Unloading data from the database



To unload, do the following:



establishing a connection with the base
directory = './/'
conn = sqlite3.connect(directory + 'photostudios_moscow1.sqlite')
cur = conn.cursor() 




uploading data by studio
studios = db_to_studios(conn)
studios




through the halls
halls = db_to_halls(conn)
halls




on booking
booking = db_to_booking(conn)
booking




we leave studios with opening dates and exclude dressing rooms from the list of halls
studios = studios[[x.year > 0 for x in studios['established_date']]]
halls = halls[halls['is_hall'] == 1]




Dynamics of opening photo studios by year



Let's construct a frequency histogram of photo studios opening for different years. To do this, we calculate the number of periods (years) and build a histogram.



plotting a histogram
num_bins = np.max(studios['established_date']).year - np.min(studios['established_date']).year + 1
plt.hist([x.year for x in studios['established_date']], num_bins)
plt.show()






The histogram shows a clear growth of new photo studios from year to year. This pattern tells us not about the actual growth of the market by 2 times annually, but rather about the growth of the aggregator itself.



This fact tells us about the need to divide studios into 2 categories: registered on the aggregator when opening a photo studio ("new") and after a long time ("old"). This will be our next task.



Identifying new photo studios



Which photo studio is new? The one that is just being promoted and gaining clients. A visual analysis of the booking calendars from the moment of opening shows that the studio is gaining a steady stream of customers in a few months.



It turns out that in order to distinguish a new photo studio from an old one (which did not immediately join the aggregator), you need to compare the income for the first half month from the moment of "opening" with the same period a year later. The new studios' income should grow significantly over the year, while the old one should remain at about the same level.

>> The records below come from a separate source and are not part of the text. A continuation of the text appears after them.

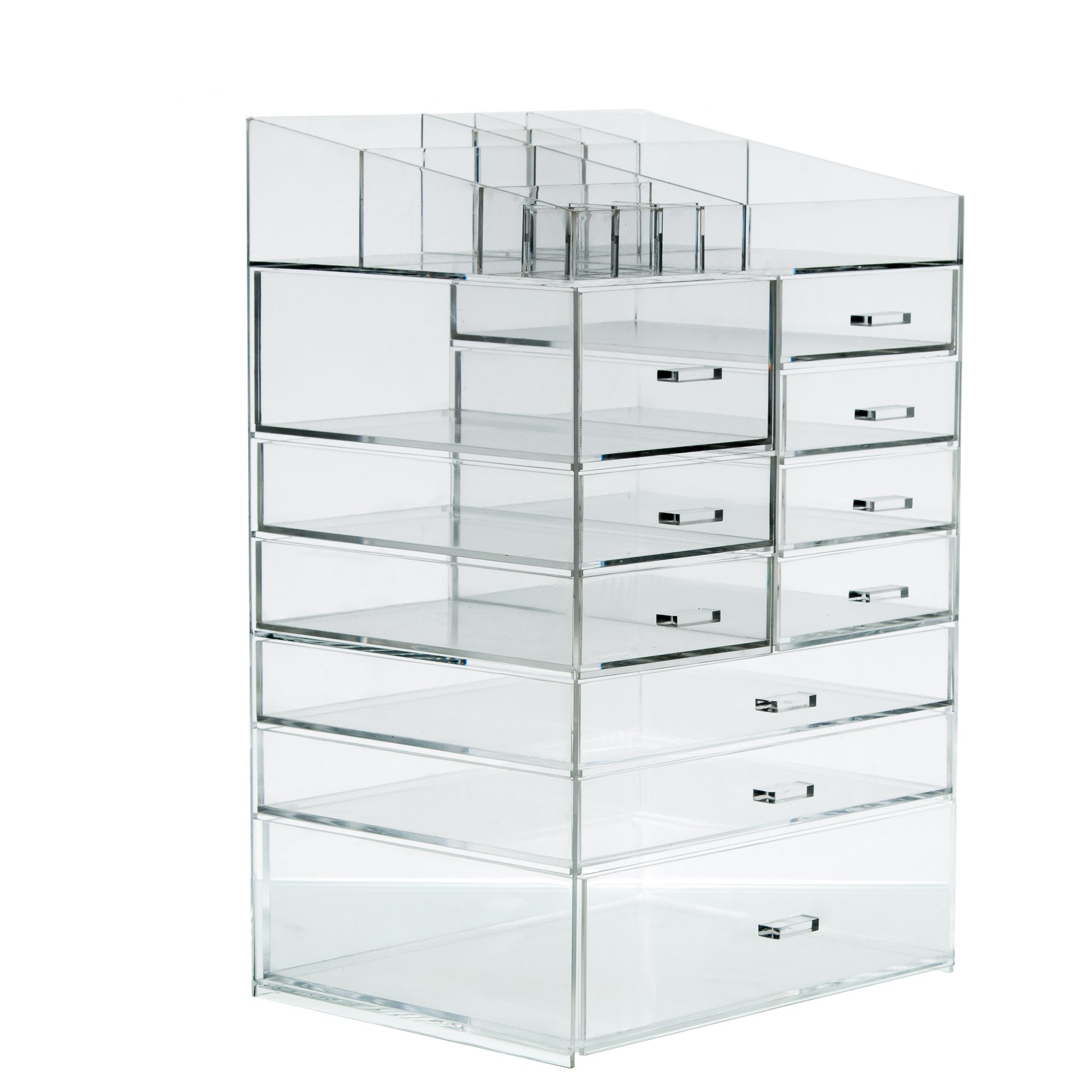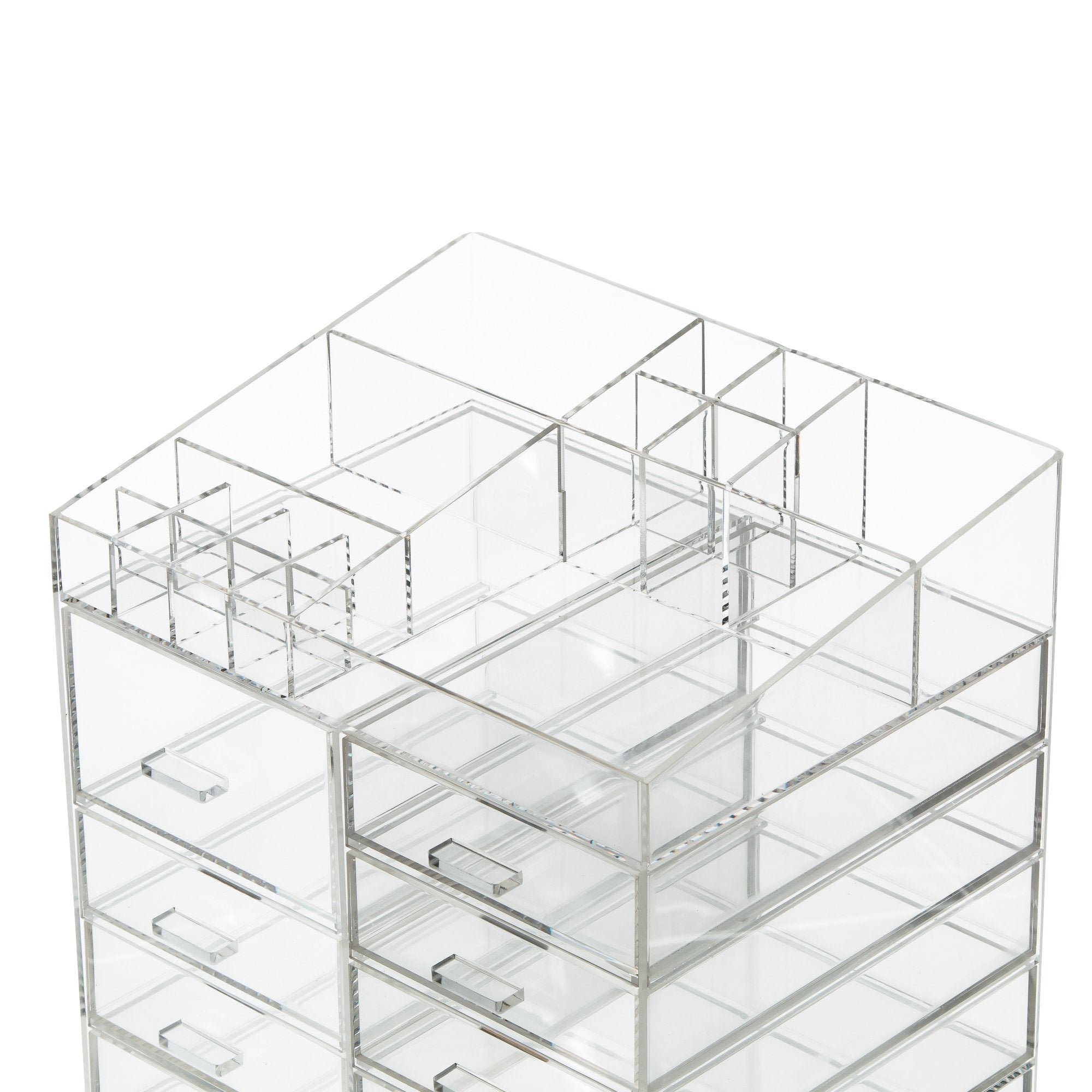 Cq acrylic Extra Large 8 Tier Clear Acrylic Cosmetic Makeup Storage Cube Organizer with 10 Drawers. The Top of The Different Size of The Compartment Suitable for Storing Lipstick and Makeup Brush
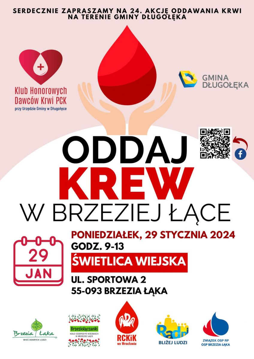 25.01.2024 » Zapraszamy na akcję krwiodawstwa do Brzeziej Łąki - 29.01.2024 r.
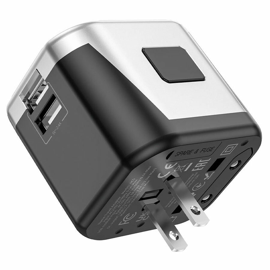 Зарядное устройство для всех стран мира Hoco AC5 Travel Companion, 2USB+1розетка, Черный+Серебристый

First, let's combine all the tables and leave only the booked hours
# merge all tables
data = (booking
         .merge(halls, left_on = 'hall_id', right_on = 'hall_id', how = 'inner')
         .merge(studios, left_on ='studio_id', right_on = 'studio_id', how = 'inner')
        )
data = data[data['is_working_hour'] == 1]
data['date'] = pd.to_datetime(data['date'])
data




Then we calculate the income in the first half month of the work of the photo studio
first_month = (data[data['date'] <= [x + datetime.timedelta(days = 15) for x in data['established_date']]]
               .loc[:, ['studio_id', 'price', 'duration']]
              )
first_month['income'] = first_month['price'] * first_month['duration']
first_month = first_month.groupby('studio_id').agg(np.sum)
first_month




In half a month after a year
month_after_year = (data[(data['date'] >= [x + datetime.timedelta(days = 365) for x in data['established_date']])
                         & (data['date'] <= [x + datetime.timedelta(days = 365 + 15) for x in data['established_date']])
                        ]
                    .loc[:, ['studio_id', 'price', 'duration']]
                   )
month_after_year['income'] = month_after_year['price'] * month_after_year['duration']
month_after_year = month_after_year.groupby('studio_id').agg(np.sum)
month_after_year




We will divide the indicators in a year by similar ones at the opening
month_diff = (month_after_year.merge(first_month, left_on = 'studio_id', right_on = 'studio_id', how = 'inner')
              .merge(halls.groupby('studio_id').count()
                     , left_on = 'studio_id', right_on = 'studio_id', how = 'inner')
             )[['income_x', 'income_y', 'is_hall']]
month_diff['income_diff'] = (month_diff['income_x'] / month_diff['income_y']) ** (1 / month_diff['is_hall'])
month_diff.sort_values('income_diff')




Received the growth rate of income after a year. The indicator for different studios is distributed from 0.75 to 2.1 without sharp jumps. This suggests that the studio could connect to the aggregator immediately after opening, after a week, month, year, etc.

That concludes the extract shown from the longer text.